Names shouldn’t be hidden to protect the guilty.
Trump Faces LEGAL NIGHTMARE After Survivors FLIP THE SCRIPT Katie Phang Feb 19, 2026 The victims and survivors of Epstein, Maxwell, and others deserve justice. But, as Julie Roginsky and Gretchen Carlson note, “Jeffrey Epstein’s most powerful ally was silence.” They join Katie Phang for a discussion on NDAs, forced arbitration clauses, and other weapons to keep the truth from coming out when abuse occurs.
Elected representatives especially shouldn’t be signing NDAs to hide projects and their impact from the public they work for.
The PR operations on social media have really jumped the shark in trying to defend the Department of Homeland Security.
On Bluesky I saw some PR hack saying democratic politicians can’t risk “falling for” “abolish Ice” “again” whatever that all even means because it makes no sense. I’m not even clear who that was meant for, or what they assume people believe because it’s just not based in any reality. This person, who was advertising their op-ed was even warning Democrats to NOT fight the GOP. Should anyone be taking advice from someone who’s saying we should just all lie down and take it? Then to boot there’s someone in the comments reply thread all condescending and trying to lecture, who knows what audience this is for, saying how you can’t say this or that, you have to say what he thinks you should say in this word salad. And of course he’s also selling “anti-maga merch” check the link in his bio!
Don’t boost anonymous accounts selling merch by pumping out viral content, often boosted by inauthentic networks.
Pandemic denier in control of both the NIH and the CDC
Bhattacharya’s growing power in Trump’s HHS worries health experts - Joseph Choi and The Hill Feb 22, 2026 “Candidly, this is someone who very clearly has an ax to grind with science and the scientific community in general,” Kayla Hancock, director of Protect our Care’s Public Health Watch project, said of Bhattacharya. “We’ve seen with his record already at NIH and his history of Covid denialism before he even took this office that this is just not the kind of person that we need at the helm of our key public health and medical research institutions.” Bhattacharya, confirmed as NIH director in March of last year, was a Stanford University professor of medicine before joining the Trump administration.
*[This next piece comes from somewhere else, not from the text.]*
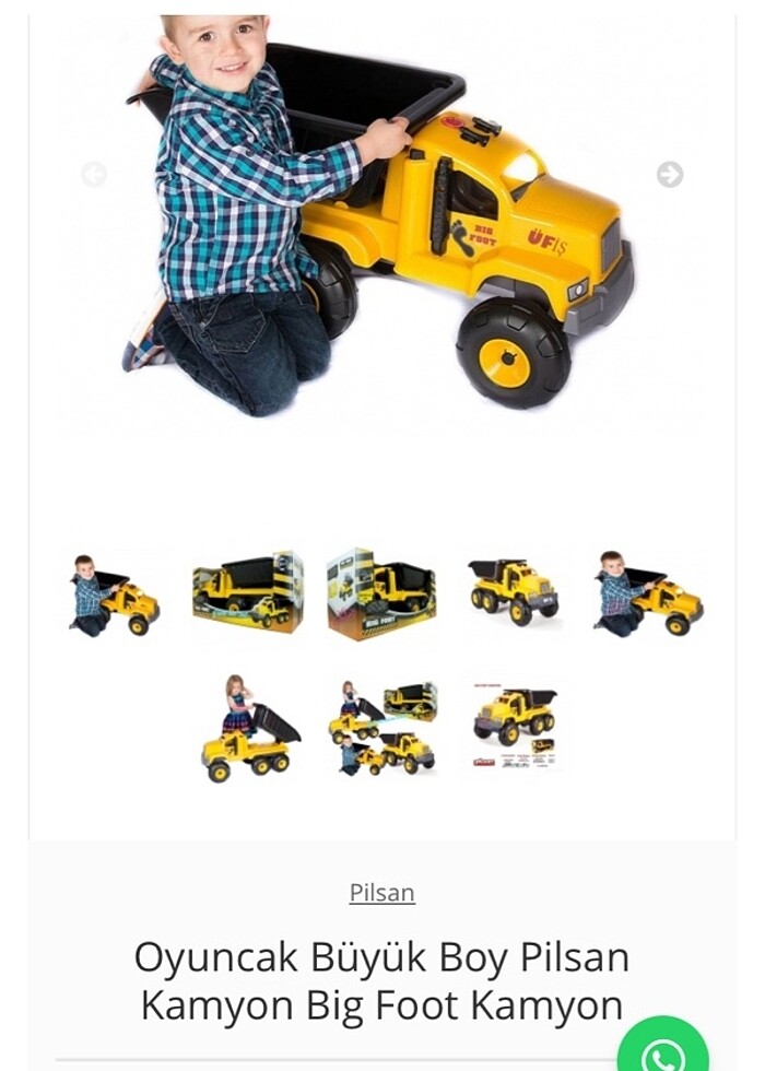Büyük boy oyuncak kamyon. Hiçbir sıkıntısı yok. Sapasağlam. Dolabın üstünde oldugu için indiremedim. İsteyene resim atarım. Yerim olmadığı için satıyorum. Nette 1100 tl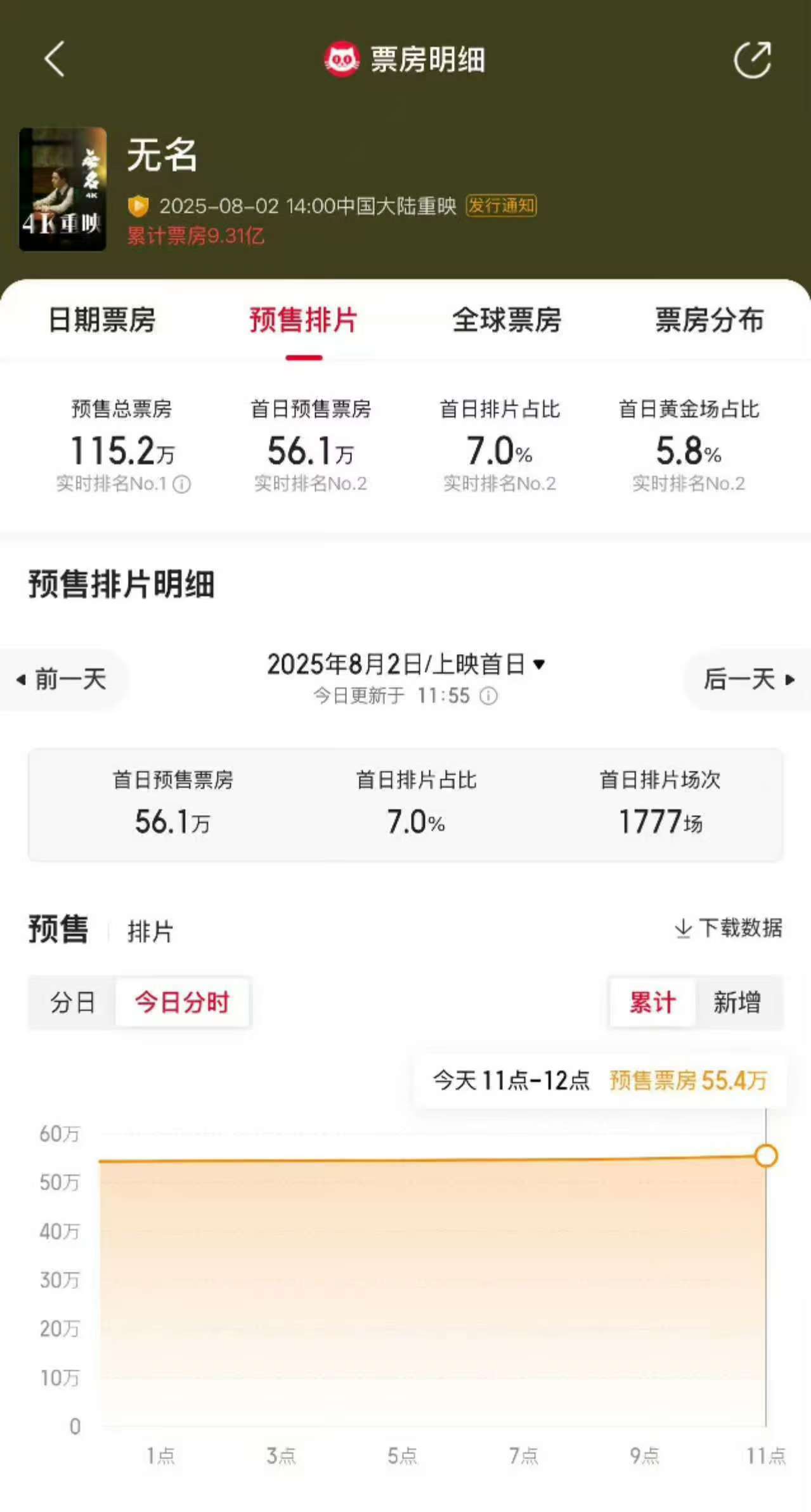 电影 《无名》官宣8月2日部分影院重映,据猫眼专业版数据,截至当前《无名》重映预售票房已超115.2万,首日预售票房56.1万,王一博生日当天(8月5日)预售票房超32.8万,排片场次2428场,为重映首日外预售票房最高一天。

He was also one of the lead authors of “Great Barrington Declaration,” a 2020 open letter calling for COVID-19 lockdowns to be rolled back.
New CDC Director Has Questioned Vaccine Safety Jay Bhattacharya’s recent new appointment may suggest more changes to the vaccine schedule. Walker Bragman Feb 20, 2026 Important Context He has previously cast doubt on vaccine safety. Throughout the COVID-19 pandemic, Bhattacharya questioned the need for COVID-19 boosters and claimed they were insufficiently tested prior to approval. In a 2024 documentary, he suggested that the anti-parasitic drug ivermectin, which research has shown is not effective against COVID, had been suppressed to secure vaccine approval. Even before his NIH appointment, the new acting CDC director was an ally of Kennedy. When the secretary ran for president in 2024 as an independent, Bhattacharya spoke at the campaign event announcing his running mate. That summer, Bhattacharya also organized a public health conference at Stanford University featuring individuals like writer and COVID vaccine critic Alex Berenson.